Author response to Decision Letter 1

14 May 2020

Response to Reviewers

We want to thank both the editor and the reviewers for granting the opportunity to revise our manuscript for publication in the PLOS one journal. We hope that our responses and revisions would substantially improve the quality of our manuscript and would be qualified for publication in the journal.

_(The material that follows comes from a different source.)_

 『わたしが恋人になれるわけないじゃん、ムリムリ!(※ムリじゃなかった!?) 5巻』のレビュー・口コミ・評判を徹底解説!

If there were any further questions or minor points to be addressed or elaborated, please let us know. We would be more than eager to make any further revision.

Editor’s comments

Specific comments:

1. Abstract and Tables: Change the format 95%CI to be consistent with the rest of the manuscript, for example “95%CI 78.3,97.5” should be “95%CI 78.3-97.5”.

• Changed as suggested.

2. Line 80, implicated has negative meaning, suggest changing to implemented.

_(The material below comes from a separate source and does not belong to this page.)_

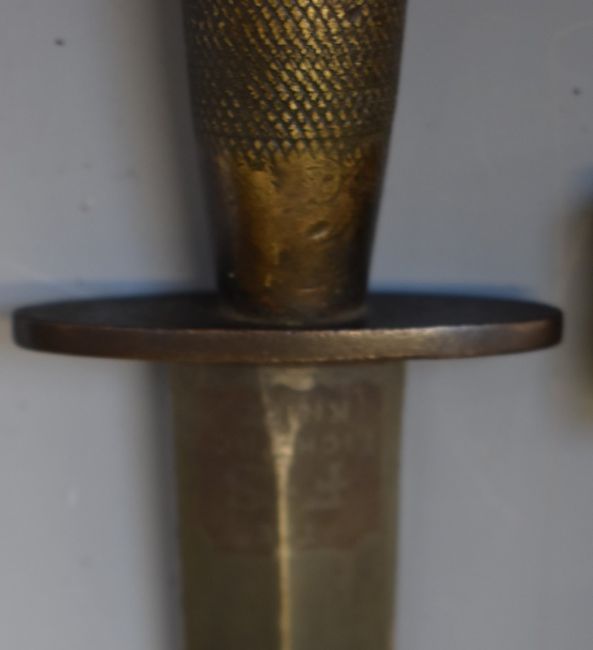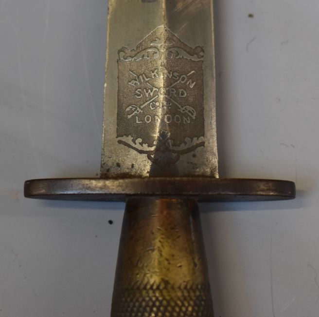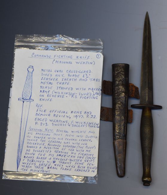 British Army WW2 Fairbairn Sykes fighting knife attributed attributed to Chindit Sgt W B Wilkinson Royal Engineers, diced hilt and Wilkinson Sword of London makers and F S fighting knife to 17cm blade together with leather sheath and a handwritten note from Sgt Wilkinson telling of when Colonel Cochran (General Wingate's pilot) offered his knife and knuckleduster in a swap for the knife. PLEASE NOTE ALL BLADED ITEMS ARE SUBJECT TO OVER 18 CHECK ON COLLECTION OR DELIVERY

• We modified the first two sentences as “As financial resources are usually limited in countries with high TB prevalence, a commercial TB-LAMP could still be unattainable. More affordable in-house LAMP assays were later developed and applied in several centers”.

3. Line 162 change M. tuberculosis to Mycobacterium tuberculosis since this is the first time you mentioned the bacteria. Also, all the “M.” need to be italicized in M. tuberculosis throughout the manuscript.

• Corrected as suggested.

4. Line 192 – 193, should the “smear-positive and culture-positive results” be “smear-positive and culture-negative results”?

• Corrected as suggested.

5. Line 243 – 246: These sentences need reference(s)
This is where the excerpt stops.